Sitcom Fan Fiction: Family Matters

A Scene from: FAMILY MATTERS
By Jeffery Self
Camera pans into the Winslow Living Room. It’s mid-afternoon and the resident Grandma, Mother Winslow (Rosetta LeNoire) is sitting on the sofa, feet propped up, watching a game show. She’s very much enjoying herself. The front door opens and Aunt Rachel Crawford (Telma Hopkins) comes in. She’s wearing a large blazer with big shoulder pads and a big bulky purse. Something is clearly bothering her. She enters and walks through living room without noticing Mother Winslow.

MOTHER:
‘Afternoon to you too Rachel.

RACHEL:
(Distracted)

Sorry, Mother Winslow. Is Harriet home?

MOTHER:
(Mocking her for no apparent reason whatsoever)

Is Harriet home?!

The audience laughs.

RACHEL:
(Giving her a look as if to say ‘Why are you mocking me?’)

Yea. Is Harriet home?

MOTHER:
(As if nothing ever happened)

I don’t think so dear.

Teenage daughter, Laura Winslow (Kellie Shanygne Williams) comes down the stairs on her way out.

RACHEL:
Laura. Is your mother home?

LAURA:
(Mocking her with the same tone that Grandma used)

Is your mother home?!

The audience goes NUTS.

RACHEL:
(Looking around like…. ‘What the hell is going on here’)

Yea. Is she?

LAURA:
(Back to normal)

Aw. Nope I don’t think so.

RACHEL:
Where are you headed?

LAURA:
I’m meeting some friends at the mall.
(She takes Aunt Rachel by the hand and pulls her close)

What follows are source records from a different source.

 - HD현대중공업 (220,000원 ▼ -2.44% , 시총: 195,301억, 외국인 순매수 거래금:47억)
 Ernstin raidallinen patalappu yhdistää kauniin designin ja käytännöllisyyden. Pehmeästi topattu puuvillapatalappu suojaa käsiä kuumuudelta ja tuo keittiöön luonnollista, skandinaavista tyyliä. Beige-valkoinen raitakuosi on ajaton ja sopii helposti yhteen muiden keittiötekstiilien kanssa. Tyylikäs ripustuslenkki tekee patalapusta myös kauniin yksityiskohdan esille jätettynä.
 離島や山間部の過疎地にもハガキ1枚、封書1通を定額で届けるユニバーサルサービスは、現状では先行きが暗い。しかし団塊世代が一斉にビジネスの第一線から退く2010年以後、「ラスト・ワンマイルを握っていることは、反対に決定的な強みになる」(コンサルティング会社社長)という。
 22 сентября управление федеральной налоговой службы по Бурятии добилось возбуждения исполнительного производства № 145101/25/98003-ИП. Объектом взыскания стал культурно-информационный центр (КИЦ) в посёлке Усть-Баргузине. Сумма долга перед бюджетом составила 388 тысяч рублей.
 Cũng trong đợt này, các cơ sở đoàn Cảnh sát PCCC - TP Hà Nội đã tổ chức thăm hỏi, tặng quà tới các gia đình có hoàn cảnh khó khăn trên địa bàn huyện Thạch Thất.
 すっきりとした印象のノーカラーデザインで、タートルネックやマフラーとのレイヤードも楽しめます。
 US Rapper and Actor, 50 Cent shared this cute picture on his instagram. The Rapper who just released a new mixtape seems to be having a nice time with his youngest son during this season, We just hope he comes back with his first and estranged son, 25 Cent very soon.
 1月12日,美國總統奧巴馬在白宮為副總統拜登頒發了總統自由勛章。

Leroy Cabell is gonna be there. If he doesn’t ask me to prom I’m gonna drown myself in my bathtub tonight.

The audience laughs again, but Laura continues staring into Aunt Rachel’s eyes in a very alarming way. Eventually the audience’s laughter dies down and the mood turns uncomfortable. Laura breaks the stare with a long giggle and exits. Rachel, feeling a bit thrown off by that exchange and the rest of her day, sits down in the chair next to Mother Winslow. She rubs her temples. Its been a long day.

MOTHER:
There are some beers in the fridge if you want one. I’ve had four since lunch.

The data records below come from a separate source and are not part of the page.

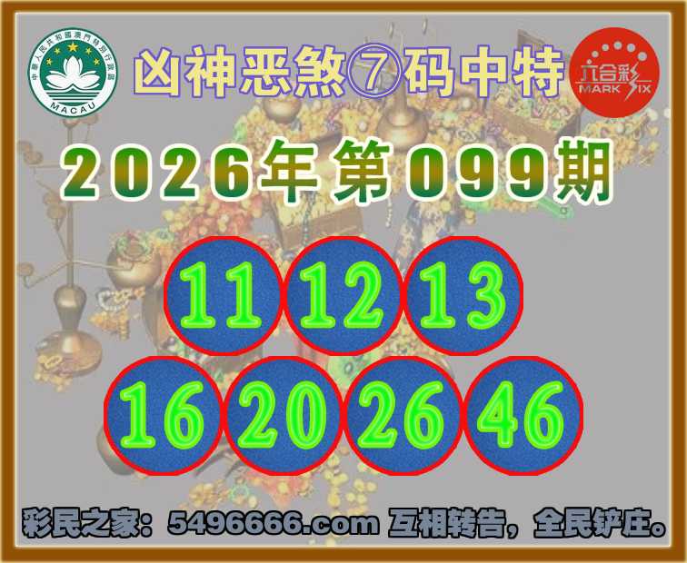 099期: 😍『凶神恶煞』 😍⑦码中特😍【11.12.13.16.20.26.46】开:12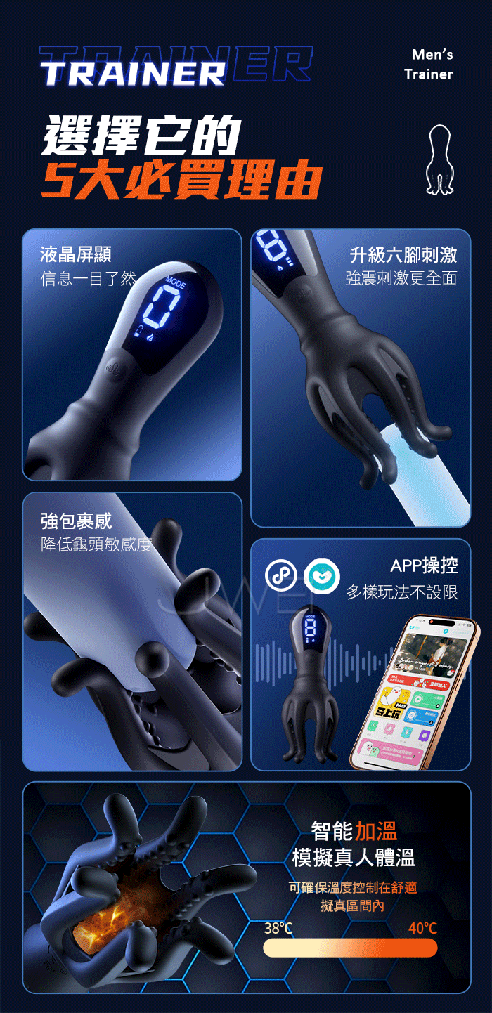 | GALAKU.八爪鱼二代 9頻強震 升級六腳顆粒刺激 APP智控強莖訓練器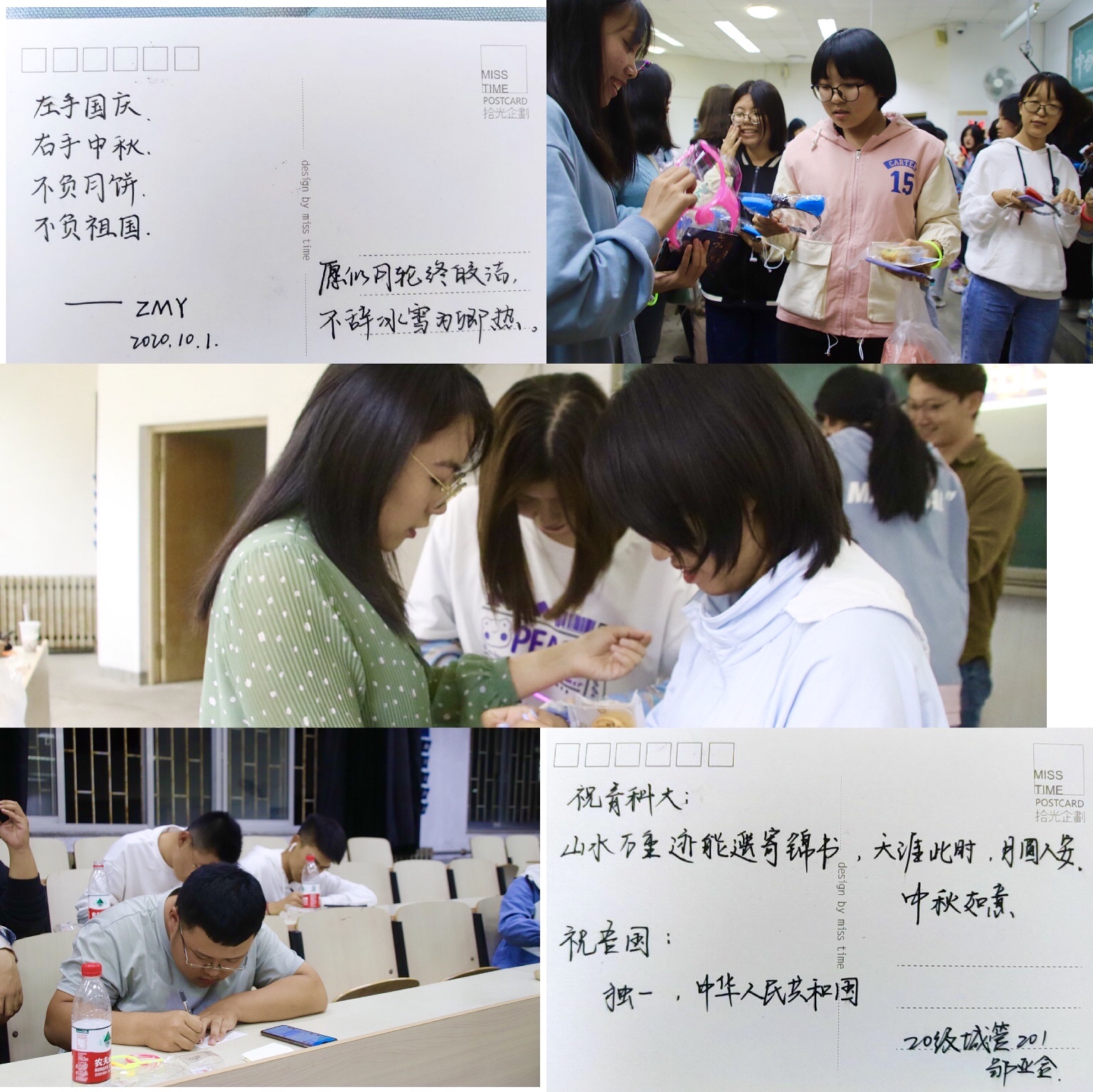 公司以“随风寄相思”为主题,开展明信片互递活动。“字字传递真情,句句书写真心。“最温馨的阶段莫过于手写祝福。”祖国快乐,月亮快乐,你也快乐。“”十月的好运拍了拍你。“”平安喜乐,万事胜意。“身在异乡,收到来自同学的花式祝福,让大家感受到了经管大家庭的温暖。月圆中秋夜,共话温暖情,正如工商管理201班张嘉欣同学所说:”这是我过的第一个中秋国庆相遇的双节,恰逢我与青科的相聚,不胜欢喜。今年的中秋国庆,没有往日与亲人的欢聚,却拥有一群可爱的人——我在青科的家人们。”独特的感悟和真实的情感洋溢在每个学子的心头。

She holds up three fingers and smiles. The audience laughs like “HaHa! Grandmothers don’t drink beer! This woman is so street smart!”

RACHEL:
Uh. I think I’ll pass.

The front door opens and Harriet (JoMarie Payton) enters with her arms full of groceries.

RACHEL:
(Getting up)

Harriet! I’ve been looking for you. Here, let me help you!

She walks over and grabs a few of the bags from Harriet and helps her sit everything down.

HARRIET:
(Worn out)

OOOOO! Word to the wise. If you’re gonna carry your groceries all eleven blocks home…. don’t buy three gallons of milk.

The audience laughs because they SO get that kinda thing.

RACHEL:
Harriet, I need to talk to you about something.

HARRIET:
Uh oh. Anytime somebody says they need to talk to you about something…. it usually ain’t the weather!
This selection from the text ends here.